Provided data:
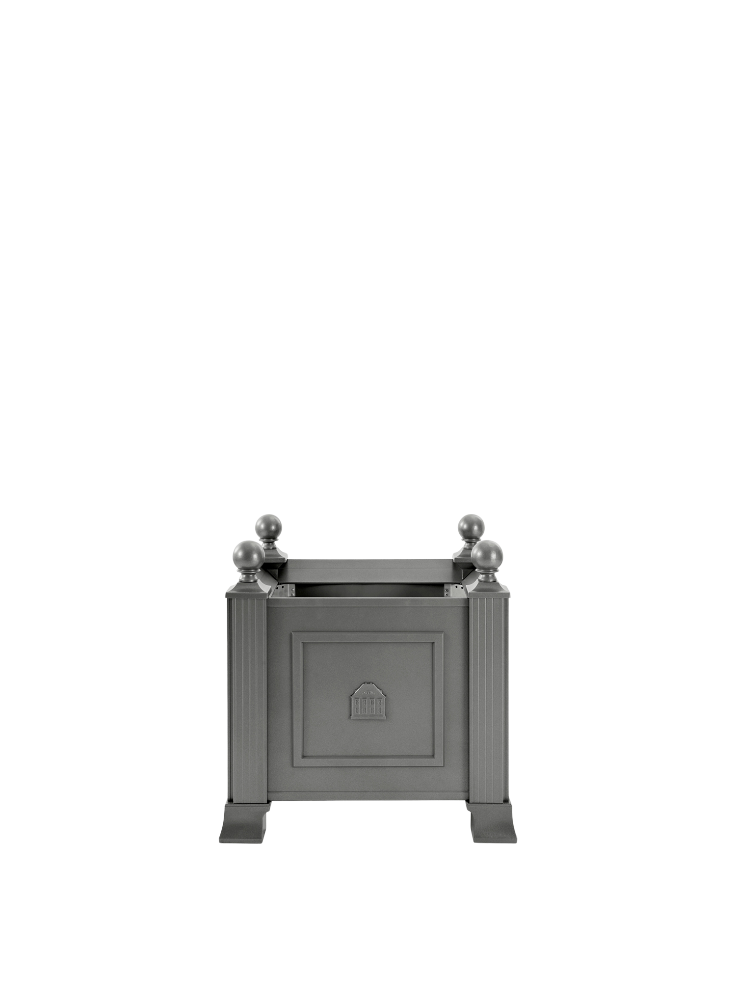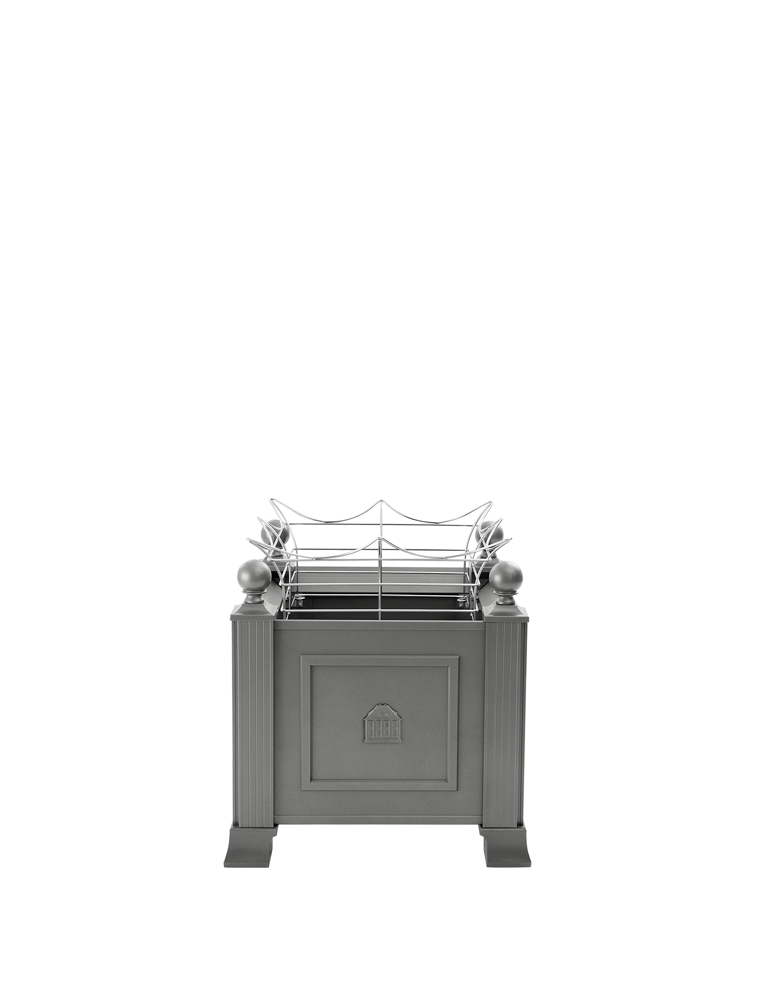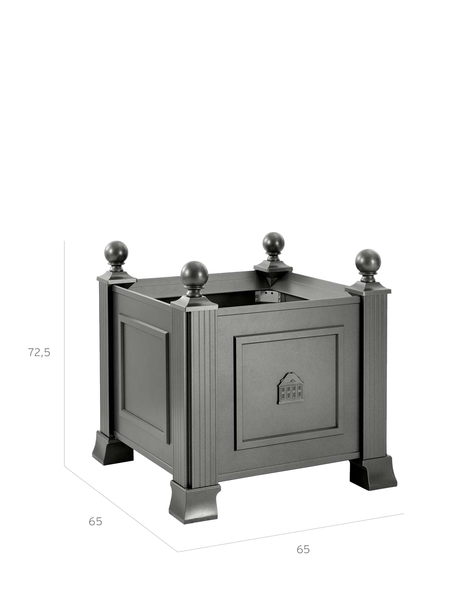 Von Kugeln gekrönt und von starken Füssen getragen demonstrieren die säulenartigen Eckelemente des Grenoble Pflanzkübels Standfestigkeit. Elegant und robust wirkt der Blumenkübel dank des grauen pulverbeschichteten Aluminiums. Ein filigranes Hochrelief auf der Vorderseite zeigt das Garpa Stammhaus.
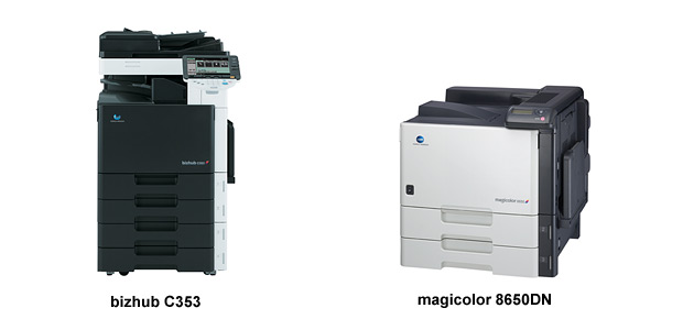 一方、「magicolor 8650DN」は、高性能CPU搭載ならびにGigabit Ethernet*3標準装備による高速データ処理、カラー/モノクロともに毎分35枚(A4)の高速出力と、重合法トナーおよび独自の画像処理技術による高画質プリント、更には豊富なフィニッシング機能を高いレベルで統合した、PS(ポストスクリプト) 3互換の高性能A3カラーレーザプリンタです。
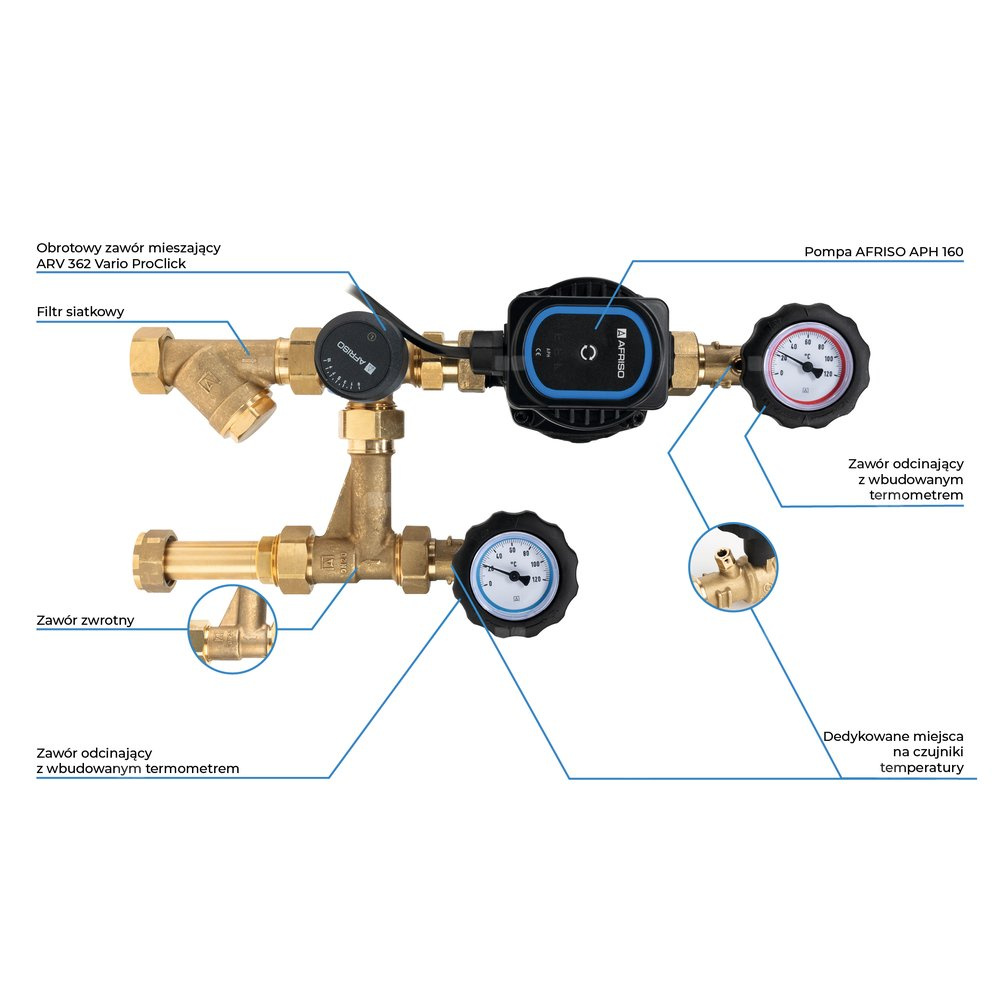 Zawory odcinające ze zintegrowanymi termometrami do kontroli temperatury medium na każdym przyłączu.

What is being asked: Please retype all of the material exactly, skipping whatever images it holds.

Result of this exercise:
 Von Kugeln gekrönt und von starken Füssen getragen demonstrieren die säulenartigen Eckelemente des Grenoble Pflanzkübels Standfestigkeit. Elegant und robust wirkt der Blumenkübel dank des grauen pulverbeschichteten Aluminiums. Ein filigranes Hochrelief auf der Vorderseite zeigt das Garpa Stammhaus.
 一方、「magicolor 8650DN」は、高性能CPU搭載ならびにGigabit Ethernet*3標準装備による高速データ処理、カラー/モノクロともに毎分35枚(A4)の高速出力と、重合法トナーおよび独自の画像処理技術による高画質プリント、更には豊富なフィニッシング機能を高いレベルで統合した、PS(ポストスクリプト) 3互換の高性能A3カラーレーザプリンタです。
 Zawory odcinające ze zintegrowanymi termometrami do kontroli temperatury medium na każdym przyłączu.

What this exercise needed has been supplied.